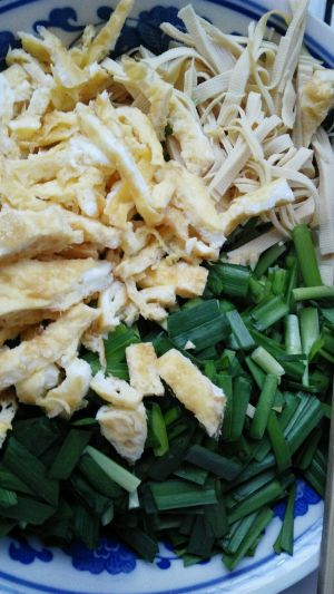 煎好的蛋饼切丝,豆腐皮洗净切丝,韭菜洗净切段备用
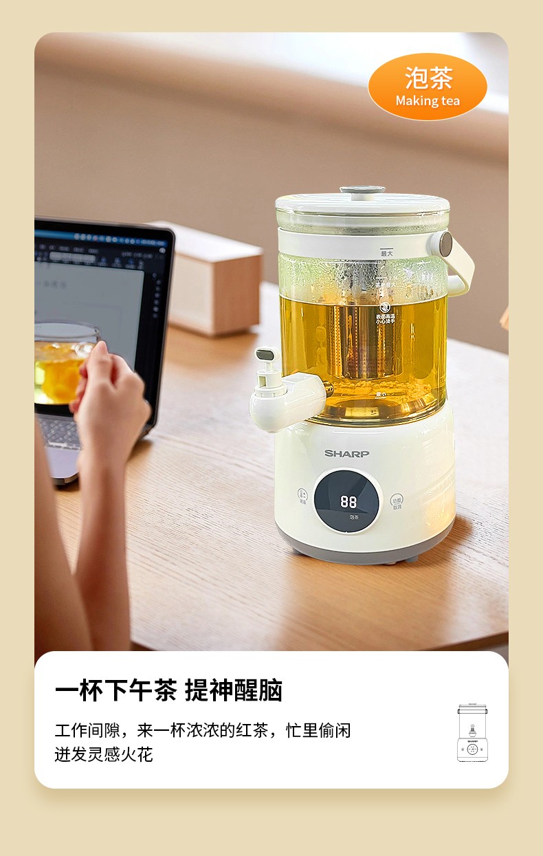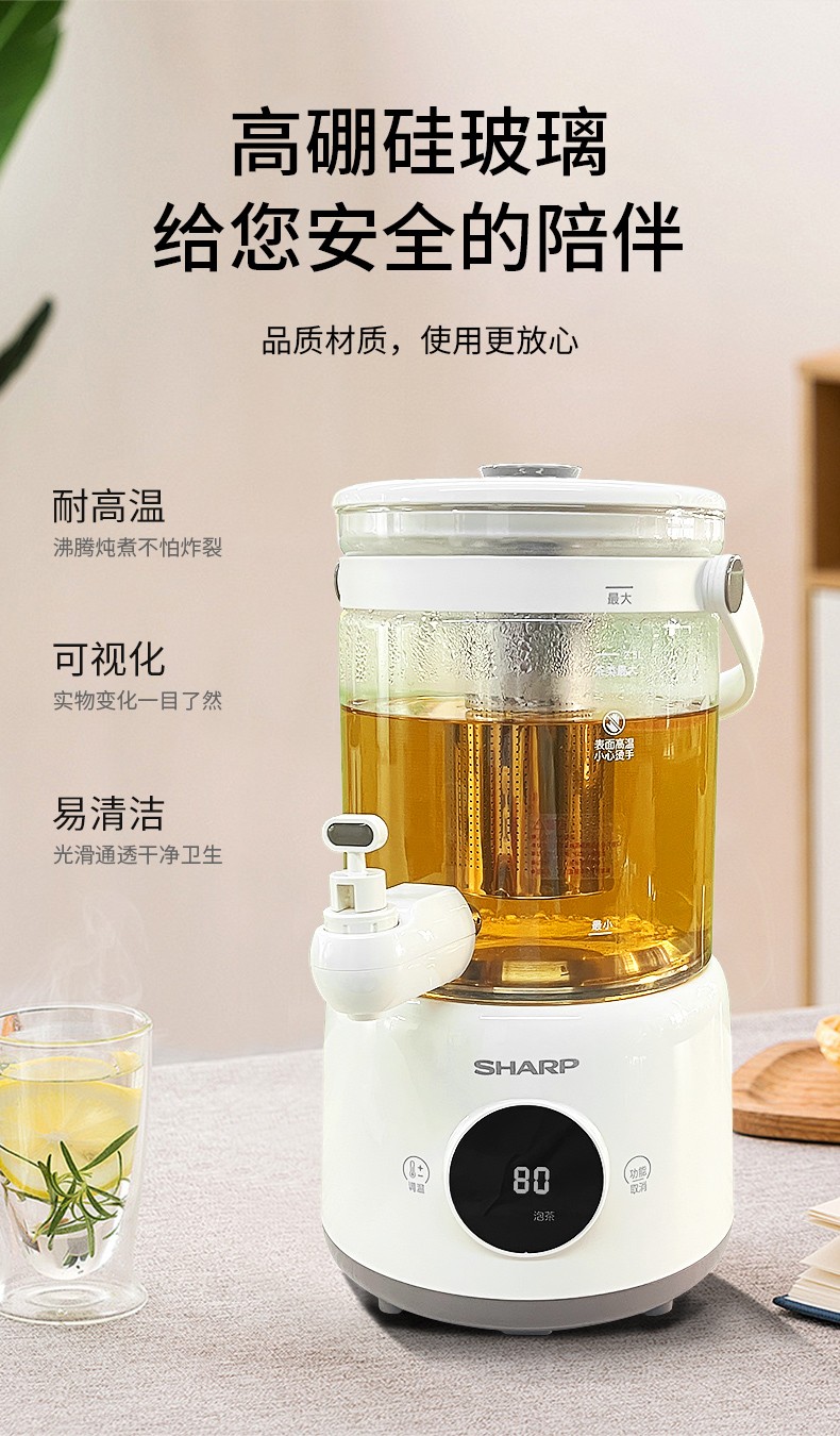 (巨邦佑)BJ+夏普 多功能电热壶 2.8L KP-WT30L-W 花茶水果茶煮茶器煮茶壶
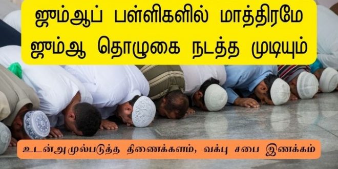 முஸ்லிம் சமய பண்பாட்டலுவல்கள் திணைக்களம், வக்பு சபையின் இணக்கத்துடன் உடனடியாக நடைமுறைக்கு வரும் வகையில் கொவிட் 19 தொற்று நோய்க்கு முன்னைய காலப்பகுதியில் ஜும்ஆ தொழுகை இடம்பெற்ற பள்ளிவாசல்களில் மாத்திரம் ஜும் ஆ தொழுகையை நடாத்துவதற்கு தீர்மானம் நிறைவேற்றியுள்ளது.
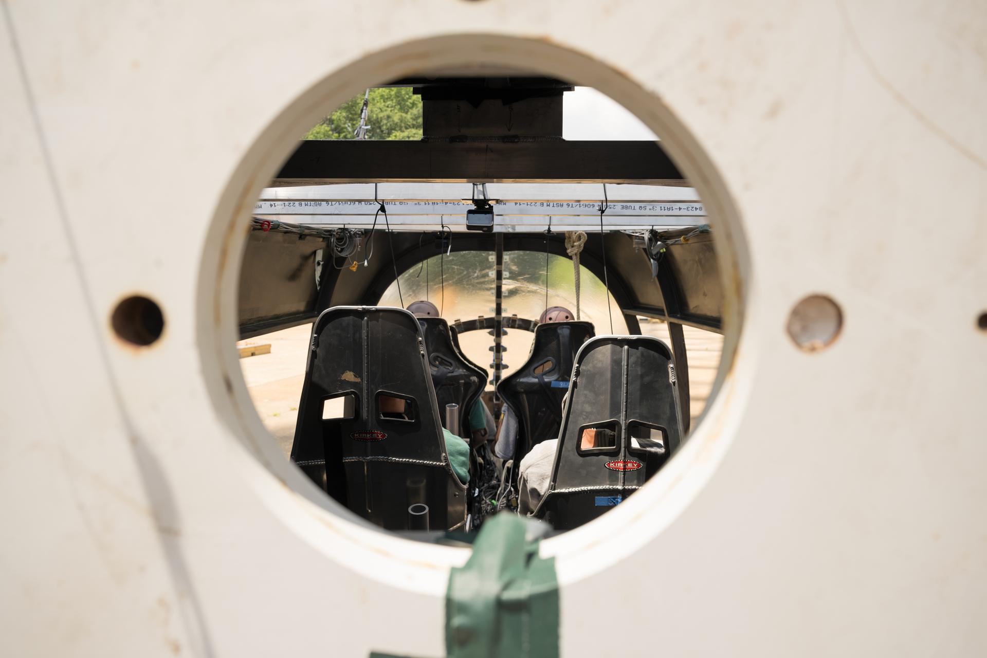 Inside view from the back of an aircraft cabin. The Lift Plus Cruise #2: eVTOL swing and drop test held at the Landing And Impact Research Facility (LandIR), known as the Gantry.
◇ ◇ ◇ ◇ ◇
## Task to carry out:
Copy out the material exactly as it stands, though no picture should appear in the copy.

## Exercise solution:
 煎好的蛋饼切丝,豆腐皮洗净切丝,韭菜洗净切段备用
 (巨邦佑)BJ+夏普 多功能电热壶 2.8L KP-WT30L-W 花茶水果茶煮茶器煮茶壶
 முஸ்லிம் சமய பண்பாட்டலுவல்கள் திணைக்களம், வக்பு சபையின் இணக்கத்துடன் உடனடியாக நடைமுறைக்கு வரும் வகையில் கொவிட் 19 தொற்று நோய்க்கு முன்னைய காலப்பகுதியில் ஜும்ஆ தொழுகை இடம்பெற்ற பள்ளிவாசல்களில் மாத்திரம் ஜும் ஆ தொழுகையை நடாத்துவதற்கு தீர்மானம் நிறைவேற்றியுள்ளது.
 Inside view from the back of an aircraft cabin. The Lift Plus Cruise #2: eVTOL swing and drop test held at the Landing And Impact Research Facility (LandIR), known as the Gantry.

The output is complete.